A poor sap given one final job that will possibly set them free is a fictional standby that rarely ends well and generally throws up plenty of complications. Having established the originality in setting up his scenario, Bunn slips back to double-crossing, gangster noir familiarity for much of what follows, but he’s established enough intrigue to carry us along as Eddie searches for answers.
Brian Hurtt also receives a story credit, so presumably had some input beyond his nuanced art, which somehow never received the attention and praise it should. Hurtt is an excellent storyteller, with a compact definition to his pages. There’s no unnecessary flash about them, but everything needed to tell the story well is there, and he conveys a mood excellently. A nice touch is that Eddie may come back to life, but as drawn by Hurtt he bears the scars of his previous deaths, and many artists wouldn’t bother differentiating the dozens of demons who feature, but Hurtt takes the time to do so. As seen in the sample art, his Aligheri is especially distinctive.
The novelty is the intrusion of demons in a gangster story, and while the plot is never predictable, it’s not one intended as a puzzle for readers to figure out, as some information Eddie learns is deliberately kept from us. There are enough anomalies introduced to sustain Three Days Dead, but it never quite grips as it should, possibly due to Eddie being very one-note and not entirely sympathetic.

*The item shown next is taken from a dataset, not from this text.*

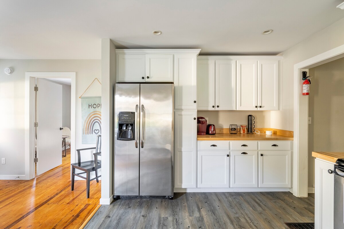 Бунгало з 4 спальнями поблизу історичного селища Колд-Спрінг-Віллидж та виноробні Кейп-Мей. З любов’ю відреставрований будинок з архітектурним шармом, оновленими ванними кімнатами та великою відкритою кухнею та вітальнею/їдальнею. Розташоване в межах 3 миль від пляжів Кейп-Мей. Пральна машина/сушильна машина, сонцезахисний майданчик, тераса, вітальня/офіс і багато паркувальних місць на території. Зворотній бік помешкання площею 1,3 акра забезпечує приватний доступ до велосипедної доріжки Cold Spring з душем на відкритому повітрі та каміном.
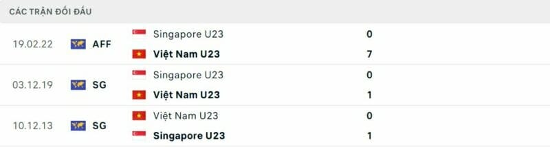 Thành tích đối đầu U23 Việt Nam vs U23 Singapore:

Three Days Dead was originally published as a black and white collection, but when Bunn and Hurtt returned to the idea after almost a decade it was reissued with Bill Crabtree’s colouring added. Colouring work originally intended for monochrome doesn’t always work well, but by limiting the colours Crabtree adds a new vibrancy, although the current edition matches the dimensions of the sequels, and so is slightly smaller than the first black and white trade. Ill-Gotten follows.